[[ Recorded data open ]]

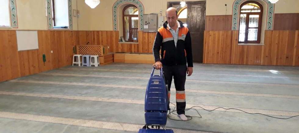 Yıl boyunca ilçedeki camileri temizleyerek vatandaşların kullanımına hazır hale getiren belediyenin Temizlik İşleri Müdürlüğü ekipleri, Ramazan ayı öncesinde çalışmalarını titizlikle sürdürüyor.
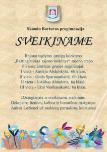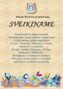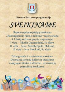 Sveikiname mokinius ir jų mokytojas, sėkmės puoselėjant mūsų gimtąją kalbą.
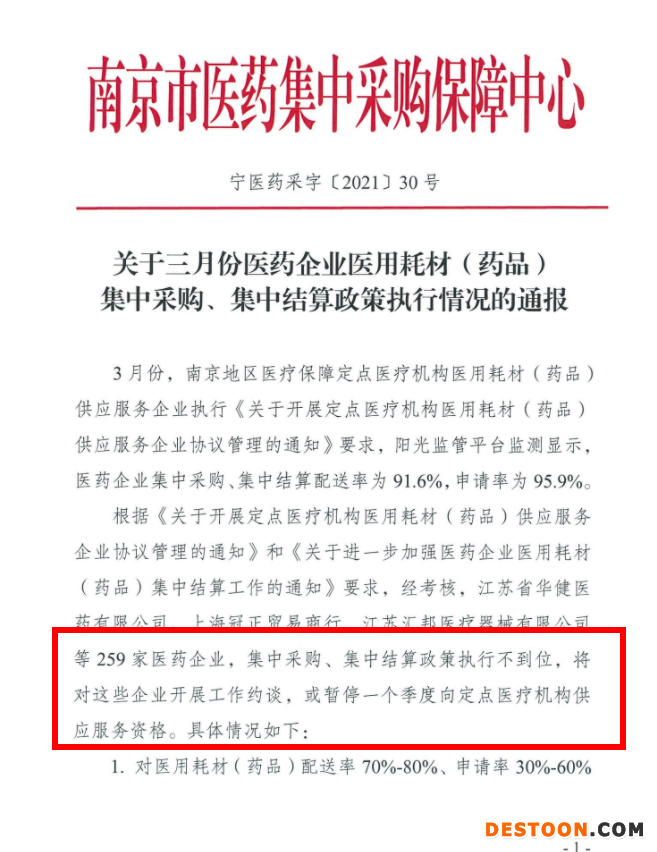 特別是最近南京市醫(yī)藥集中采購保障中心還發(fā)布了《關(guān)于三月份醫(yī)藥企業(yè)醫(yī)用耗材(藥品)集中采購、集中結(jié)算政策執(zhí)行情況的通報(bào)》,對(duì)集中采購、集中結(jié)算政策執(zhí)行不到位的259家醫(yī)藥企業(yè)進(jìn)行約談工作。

[[ Recorded data closed ]]

Work to complete: Pictures are to be omitted from the copy. Reproduce exactly, and only, the lines from the one containing "Sveikiname mokinius ir" to the end of the listing above.

Response area:
 Sveikiname mokinius ir jų mokytojas, sėkmės puoselėjant mūsų gimtąją kalbą.
 特別是最近南京市醫(yī)藥集中采購保障中心還發(fā)布了《關(guān)于三月份醫(yī)藥企業(yè)醫(yī)用耗材(藥品)集中采購、集中結(jié)算政策執(zhí)行情況的通報(bào)》,對(duì)集中采購、集中結(jié)算政策執(zhí)行不到位的259家醫(yī)藥企業(yè)進(jìn)行約談工作。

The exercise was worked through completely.